There are several possible explanations for the inaccuracy of estimates generated from the scheduling system's historical database. The in-house coding scheme for classifying the operations lacks the specificity of CPT coding, and, therefore, lumps together procedures of differing complexity and time requirements. However, using the more specific CPT coding scheme would have required a larger data base and a longer data collection period to initialize the prediction algorithm. In addition, among identical operations, potentially confounding variables that are unknown to the scheduling system, such as obesity, adhesions from prior surgery, difficult anatomy, etc., may have a major impact on the operating time for particular patients. Because such variables tend to be specialty specific, it is difficult to conceive of a data collection form that would be sufficiently comprehensive to allow the scheduling system to account for such variables without being unduly cumbersome to complete and process. We hypothesized that surgeons would be able to take individual patient and specialty specific factors into account to provide more accurate estimates.

We chose a different definition of operating time (from incision to dressing application) in the study than the Association of Anesthesia Clinical Directors' (patient entering to leaving the operating room). This decision was made because that definition had been used in the collection of the retrospective data, and because our intent was to address how well surgeons could predict the duration of surgery alone (i.e., the part of the schedule they control). Therefore, we assumed that the majority of the variability in the schedule was accounted for by discrepancies in the length of actual versus scheduled operating time. This assumption is supported by Dexter et al., [19]who noted that even if the anesthesia-controlled portion of the time (room entry to positioning time plus wound dressing to room exit time) could be decreased to zero, insufficient extra time would be made available, on average, to allow one additional 30-min operation to be performed.

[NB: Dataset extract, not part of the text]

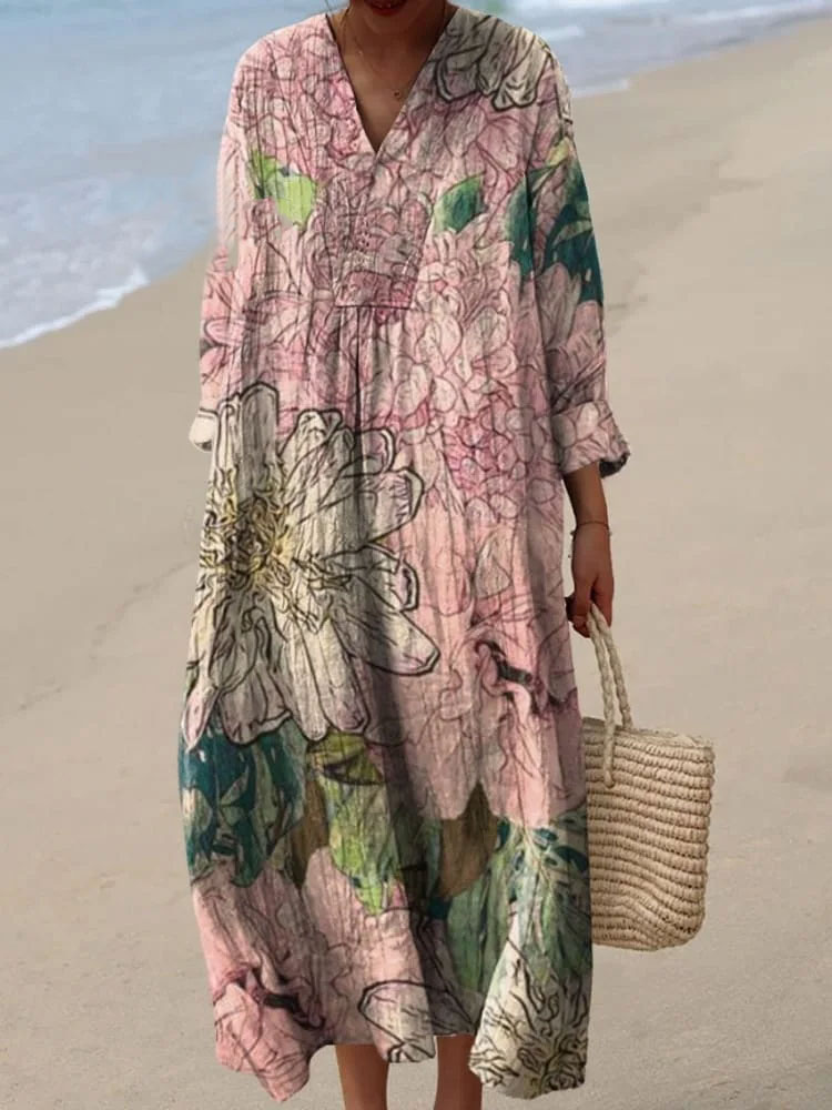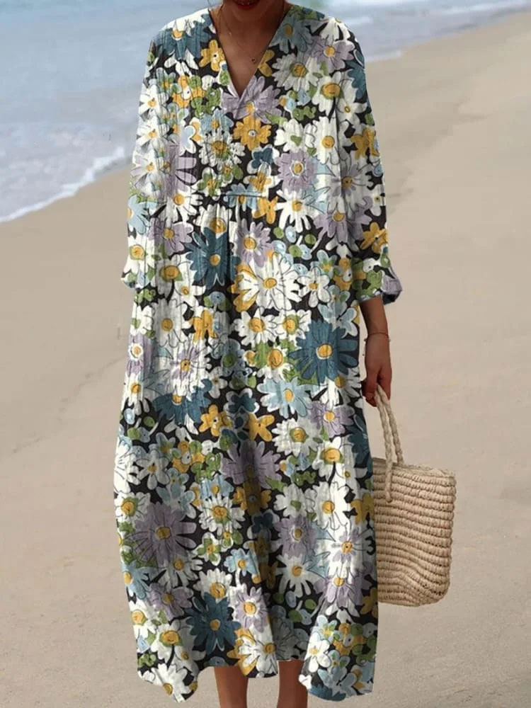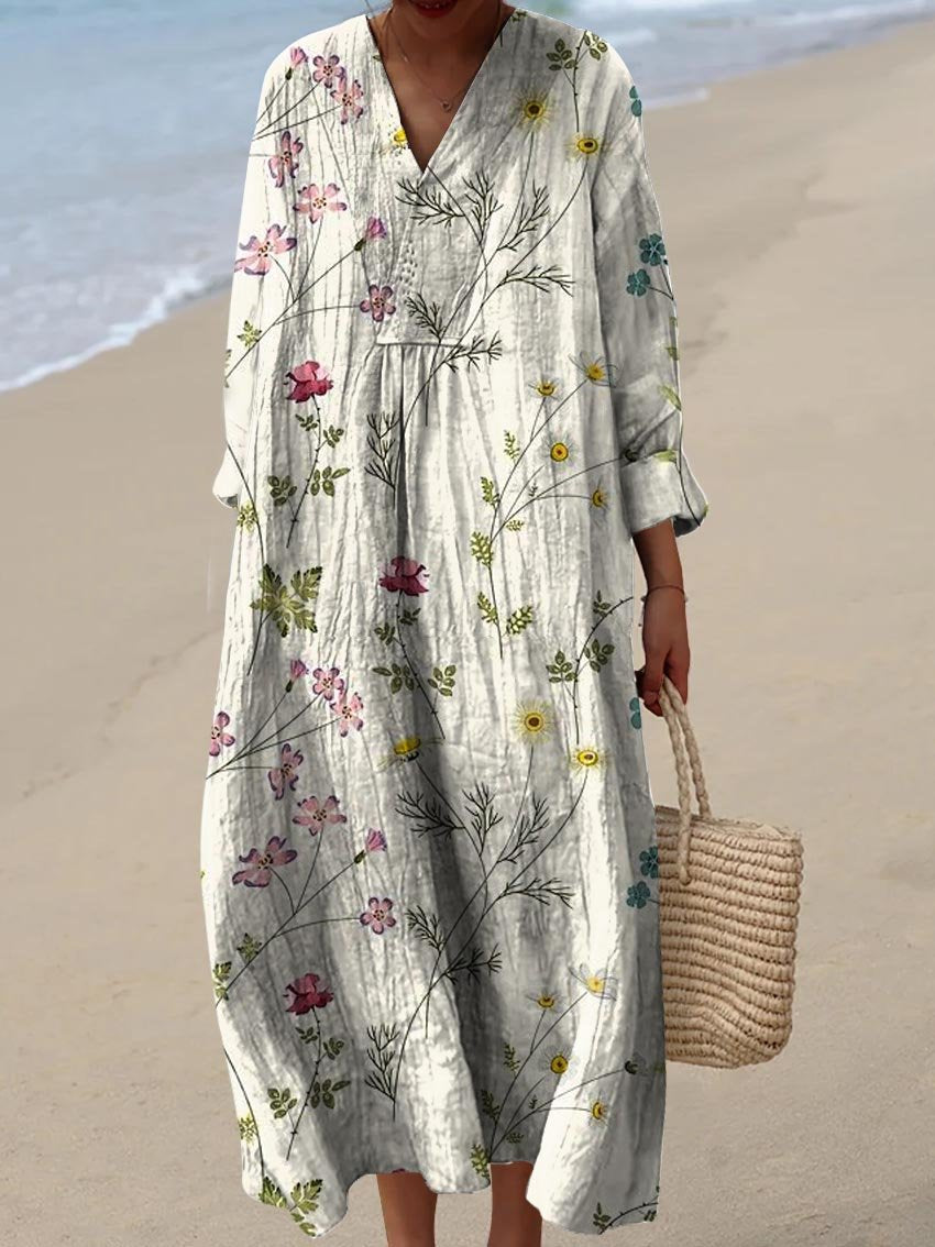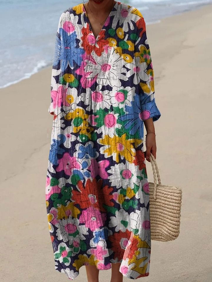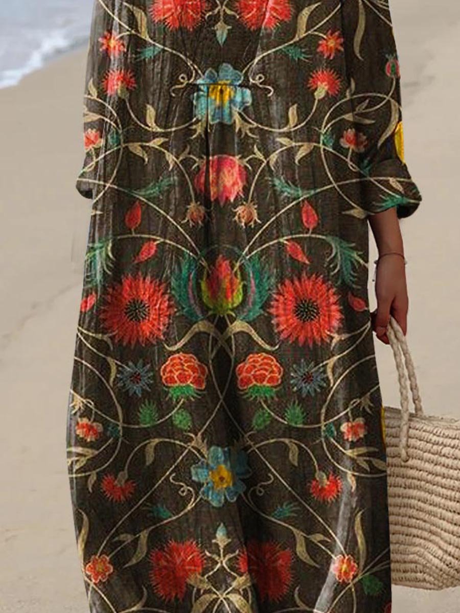Retro Boho Floral Art Printed V-Neck Elegant Chic Loose Short Sleeve Midi Dress

Despite their sophistication and extensive information base, the surgeons in phase 1 were only slightly better at estimating than the scheduling system, and they tended to underestimate their operating time. Possible reasons for the poor surgeon predictions were: 1) inattention to the prediction process because of knowledge that their input was not being used, 2) lack of historical information for them to base their estimates on, and 3) a tendency to give the same time estimate for every operation of a given type, much like the scheduling system did. The phase 2 estimates by the surgeons were less accurate than the phase 1 estimates, despite their being asked to be conscientious about the process of estimating.

Operations by some surgical specialties may be inherently easy or inherently difficult to predict. Gordon et al. [1]noted, for example, that at The Johns Hopkins Medical Institutions, laparoscopies (the second-most-frequent procedure) varied by 42% from the estimated time, whereas hysterectomies, inguinal hernia repairs, and prostatectomies varied by only 0-4%. Our data support the contention that some types of surgery are inherently difficult to predict: three of the six best surgeon predictors also were those for whom the scheduling system estimates were most accurate and three of the worst were among the four surgeons who had the worst scheduling system-generated predictions. The good predictors were from specialties that operate on the body surface or extremities, where diagnosis is usually straightforward and the operations are standardized. By contrast, the poor predictors were from specialties that, in this institution, have a high proportion of intracavitary, oncologic procedures, in which the surgical procedures are far from standardized and may have to be modified during the course of the operation.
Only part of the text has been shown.